Figure 1. Missense mutations identified in TARDBP in familial ALS patients.

(A) Pedigrees showing family history of ALS for three probands carrying TARDBP mutations. Black symbols represent patients affected with ALS; white symbols represent unaffected individuals. Pedigrees are constructed based on family history data provided by the NINDS Human Genetics Resource Center DNA and Cell Line Repository (http://ccr.coriell.org/ninds). The alive/dead status of individuals is unknown. Arrowheads indicate the probands. The onset age of ALS symptoms and the TARDBP mutation identified are included below each proband. (B) DNA sequence traces observed in a sample from the proband of each family. The observed single base substitution and predicted amino acid change are indicated below each chromatogram. cDNA numbering is according to the largest TARDBP transcript (NM_007375.3) and starting at the translation initiation codon. Protein numbering is relative to the largest TDP-43 isoform (NP_031401.1).

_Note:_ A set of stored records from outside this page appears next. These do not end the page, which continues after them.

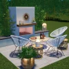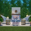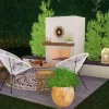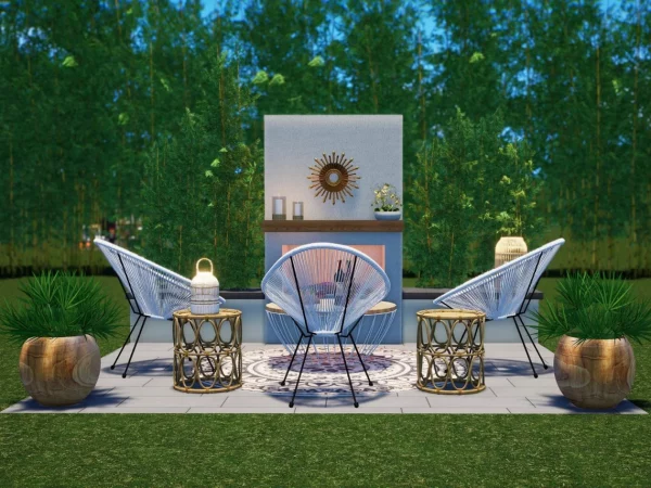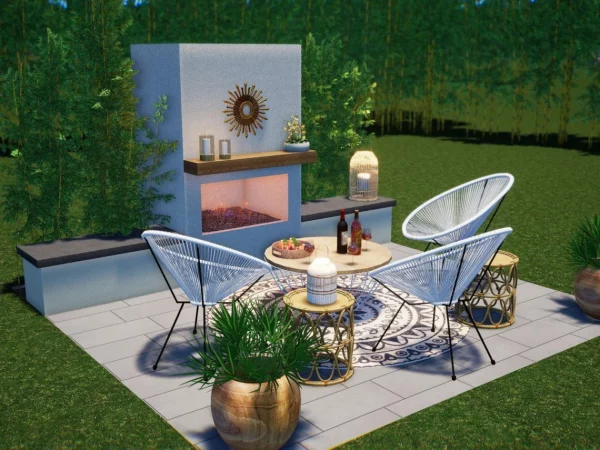 The Avalon Fireplace is a cozy outdoor space with all the feels of a living room. The fireplace has every element that a fireplace should…hearth, mantle, and warmth. Three rope chairs envelop you as you gaze into the flames, and there is plenty of extra seating on the hearth if unexpected guests show. Planting behind the fireplace is a screen for privacy as well as ambience. Lanterns, a rug, and potted plants are the final touch for your new favorite place.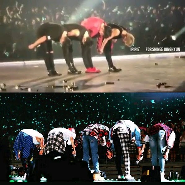 Special Lucifer performance in #SHINeeTokyoDomeDay2. We have little SHINee dancing on the stage. During the introduction of the young SHINee dancers, starting with JongHyun, and then TaeMin, MinHo and Key, they hugged the young dancer that supposed to be Onew's dancing partner. The boy was okay and smiling, but we know it's JongHyun and the rest of SHINee that can't hold their feelings. Maybe that hug was to prevent themselves from crying because the boy make them thinking about Onew absence.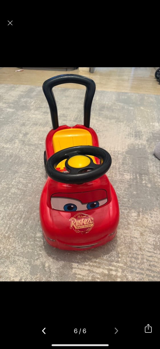 Renkli kırmızı oyuncak araba, direksiyon ve itme sapına sahiptir. Önünde "Rusteze" yazısı ve gözler bulunur. İtmeli araba ilk adım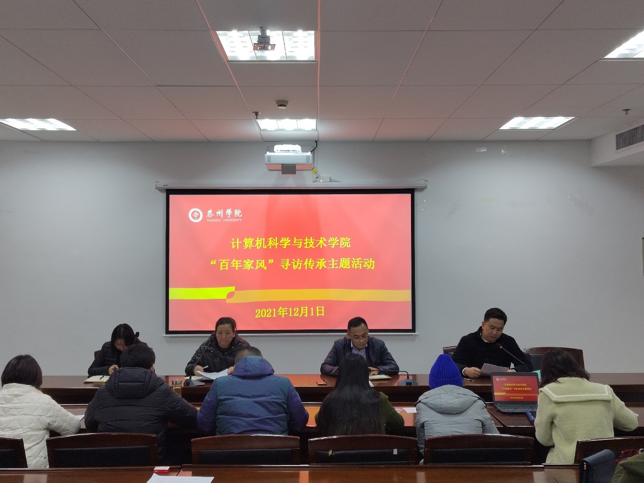 为庆祝中国共产党成立100周年,从党史学习中继承和赓续革命前辈的好家风好作风,2021年12月1日,计算机科学与技术公司在D2307开展“百年家风”寻访传承主题活动。活动由公司副经理、纪检委员钱进同志主讲,公司全体教职工参加活动。

Figure 2. Overview of mutations identified to date in TARDBP.

Schematic overview of the 7 TARDBP exons showing coding regions in dark blue and non-coding regions in light blue (top). The TDP-43 protein structure with location of the conserved domains is shown with protein numbering according to the largest isoforms NP_031401.1 (middle). Protein sequence alignment shows strong conservation in the C-terminal region of TDP-43 (bottom). Colored boxes indicate the position of known and novel TDP-43 mutations identified in sporadic (orange) and familial (red) ALS patients. TDP-43 mutations identified in this study are underlined. Orange and red lines in TARDBP gene and TDP-43 protein indicate approximate positions of the mutations. RRM = RNA recognition motif.

Figure 3. Biochemical analysis of TDP-43 in lymphoblastoid cell lines of TARDBP mutation carriers.

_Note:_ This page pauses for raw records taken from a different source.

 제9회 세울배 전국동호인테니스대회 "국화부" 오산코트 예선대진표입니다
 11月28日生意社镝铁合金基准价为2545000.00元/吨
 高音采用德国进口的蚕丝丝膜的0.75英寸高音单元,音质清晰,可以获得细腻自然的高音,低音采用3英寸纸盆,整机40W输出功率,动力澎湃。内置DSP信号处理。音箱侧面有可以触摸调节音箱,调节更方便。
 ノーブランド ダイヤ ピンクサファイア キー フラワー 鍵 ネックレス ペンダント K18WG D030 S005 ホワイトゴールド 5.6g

Western blot analyses of protein lysates derived from lymphoblastoid cell lines from 3 familial ALS patients carrying different TARDBP mutations (p.M337V, p.N345K and p.I383V), 2 ALS patients (1 and 2) without TARDBP mutations and 5 healthy control individuals (Control 1–5). In lymphoblastoid cell lines derived from TARDBP mutation carriers and sporadic ALS patients an accumulation of 2 smaller C-terminal fragments of TDP-43 protein of approximately 35 and 25 kDa was observed in detergent-insoluble fractions treated with the proteasome inhibitor, MG-132. In lymphoblastoid cell lines derived from control individuals the levels of the 35 kDa fragment were substantially lower, and the 25 kDa fragment was mostly undetectable. Membranes from the soluble fraction were reprobed for beta-actin to monitor protein loading.

Figure 4. Proteasome inhibition increases the proteolytic cleavage of TDP-43.

Western blot analyses of H4 neuroglioma cells treated with the proteasome inhibitor, PSI (10 µM, 24 hours) and a pan-caspase inhibitor, Z-VAD-FMK (100 µM, 24 hours) separately or in combination. Treatment with PSI revealed an increase in proteolytic cleavage of TDP-43 fragments (35 and 25 kDa) and an increase in caspase-3 activity. Treatment with a pan-caspase inhibitor suppressed PSI-induced TDP-43 cleavage and caspase-3 activity. HSP70 levels were increased after PSI treatment and the levels persisted in the presence of a pan-caspase inhibitor. Similar results were obtained in 3 independent experiments.